Washington D.C. — In another devastating blow to the 4th Amendment, on Monday, the Supreme Court ruled that evidence of an alleged crime can be used against a defendant even if police did something inappropriate or even illegal to obtain it.
In a split 5-3 decision, the justices voted to reinstate the drug-related convictions of Joseph Edward Strieff. In the case of Strieff, he was illegally detained during a “concededly unconstitutional detention,” which eventually led to the discovery of drugs inside his vehicle.
In Strieff’s case, a trial court judge later found that the officer did not have enough evidence to initially stop and question him. But the judge ruled that Strieff’s subsequent arrest on an outstanding traffic warrant justified the search — implying that the use of criminal behavior to catch criminal behavior is just.
The Utah Court of Appeals agreed with the trial court that the drug evidence was admissible at trial, but, in a moment of logic, the Utah Supreme Court last year reversed that decision.
The Utah Supreme Court noted in its January 2015 decision that the case presented “a gap of substantial significance” in terms of prior rulings by the U.S. Supreme Court on Fourth Amendment issues, and that other courts that have addressed the issue have come to “substantially different conclusions” regarding search and seizure law.
The Fourth Amendment exclusionary rule allows criminal defendants to suppress “fruit of the poisonous tree” — that is, evidence obtained as a result of a search or seizure that violates the Fourth Amendment. The reason this rule exists is due to the obvious conflict of interests in cops breaking the law to enforce the law.
However, thanks to Monday’s ruling by the Supreme Court, that is exactly what will happen now. Police have essentially been given a free pass to violate the rights of individuals — just so long as they find evidence of a ‘crime.’
On Monday, the logic applied by the Utah Supreme Court in 2015, was thrown to the wayside in a handout to the police state.
Given the reality of the militarized police state rising up from the horrors of the war on drugs, the fact that cops can now legally act illegally to bust people for possessing arbitrary substances is chilling.
As if breaking the law wasn’t enough, prior to this ruling, police were no longer required to even give the appearance of an understanding of the laws they’re tasked with enforcing, thanks to a recent court decision surpassing even the veritable green light previously granted in Heien v. North Carolina.

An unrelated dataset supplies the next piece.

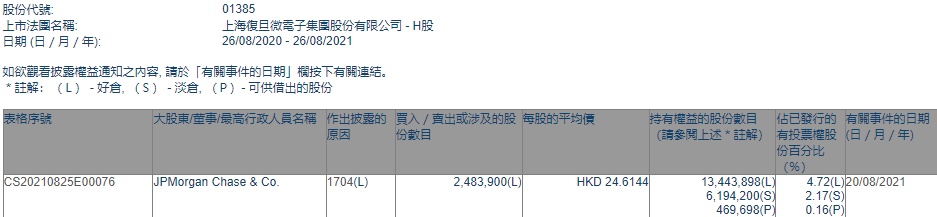 智通财经APP获悉,香港联交所最新资料显示,8月20日,小摩减持上海复旦(01385)248.39万股,每股作价24.6144港元,总金额约为6113.97万港元。减持后最新持股数目约为1344.39万股,最新持股比例为4.72%。
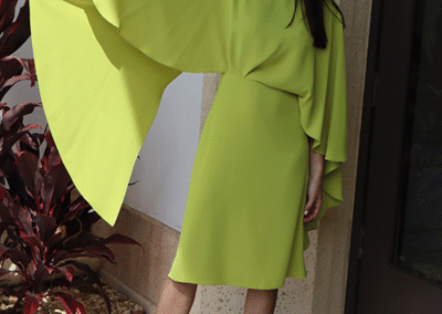 Marilyn’s Anka Lime Boat Neck Collar 3/4 Sleeve Draped Dress

In the Heien case, the Supreme Court ruled a “police officer’s reasonable mistake of law gives rise to reasonable suspicion that justifies a traffic stop under the Fourth Amendment.” A motorist’s broken tail light caused an officer to make a traffic stop — during which evidence of a separate violation of the law was discovered in the vehicle.
But in North Carolina, a broken tail light wasn’t illegal, thus not sufficient cause to justify the stop — nor the arrests stemming from it, lawyers argued, because that would be a violation of unreasonable searches and seizures.
However, the Supreme Court ruled the officer’s ignorance of the law essentially didn’t matter — effectively allowing police around the country the ability to make stops if they ‘reasonably’ believe the cause for the stop is legal. Plainly, police can stop and search you despite ignorance of the law.
Now, in U.S. v Shelton Barnes et. al. — a case that seemed to slip by largely unnoticed — even that flimsy justification has been deemed too constricting of police power, and police ignorance can actually be used against you in a trial.
On Monday, Justice Sonia Sotomayor said in dissent that the decision in Utah vs. Edward Joseph Strieff, is a blow to constitutional rights.
“The court today holds that the discovery of a warrant for an unpaid parking ticket will forgive a police officer’s violation of your Fourth Amendment rights,” Sotomayor wrote.
Sotomayor’s dissent was joined by Justice Ruth Bader Ginsburg and Justice Elena Kagan.
Now, police need not understand the law, or even abide by the law — to enforce the law. In what world is this considered acceptable?